Tai Chi, the Ancient Art of Moving Meditation
May 5, 2019 12:00 AM EST | 3 min read
I’ve been studying Tai Chi and Qigong for the past decade or so and it’s been helpful for me both mentally and physically to learn to relax my body and calm my mind in new ways.
My instructor often quotes Lao Tse’s concept of action through inaction, which sounds simple but is actually quite challenging.
The class is filled with people of all different walks of life.
We start each class in a circle, introducing ourselves by name so it immediately makes the experience more intimate.
The group then starts to warm up with small movements, and we open our minds and bodies to include the chi (energy) around us.
As a beginner, you learn individual pieces of the form, but you don’t yet quite realize how they all fit together.
We practice the simplest moves until they become habit, flowing seamlessly like a piece of kelp in the ocean or a ribbon in the wind.
Each student came to the class for different reasons: curiosity, improving health, balancing the yin and yang, overall fitness or because a spouse or friend brought them along.
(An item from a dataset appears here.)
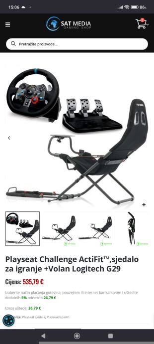 Playseat Challenge ActiFit™,sjedalo i volan Logitech G29
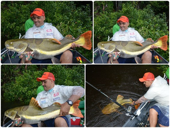 Tranquilamente encostamos o barco e ele com o remo foi procurando a linha, galhos, até que chegou até onde o peixe estava. Eu fui com o alicate e consegui segurar o bichão. Soltamos o snap e o peixe ficou livre. Um bonito exemplar do Fishingtur com a Zagaia. O momento da batida do peixe até ele parar de puxar a linha é muito rápido, mas para o pescador que está em pé na ponta do barco vivenciando isso, esses segundos parecem minutos. A descarga de adrenalina é tanta que as pernas tremem, o coração acelera, realmente algo indescritível.

The class is diverse on every level.
As I’ve gotten to know some of the other students, I’ve learned how this training improves the quality of their lives too.
Incorporate the lessons of Tai Chi and Qigong into your daily life
At the end of each class, someone tells a joke and we bow out; it’s a nice way to part.
The more I train, the more I realize how many applicable lessons from Tai Chi and Qigong there are for everyone to embrace.
- Warm up before you start something new and practice longer than you want to or think you need to. Even the masters practice their lessons, which is why and how they’ve mastered their craft. Peyton Manning and LeBron James both have the reputation of training harder than everyone else in the locker room; they were born with many gifts but work hard to achieve their success.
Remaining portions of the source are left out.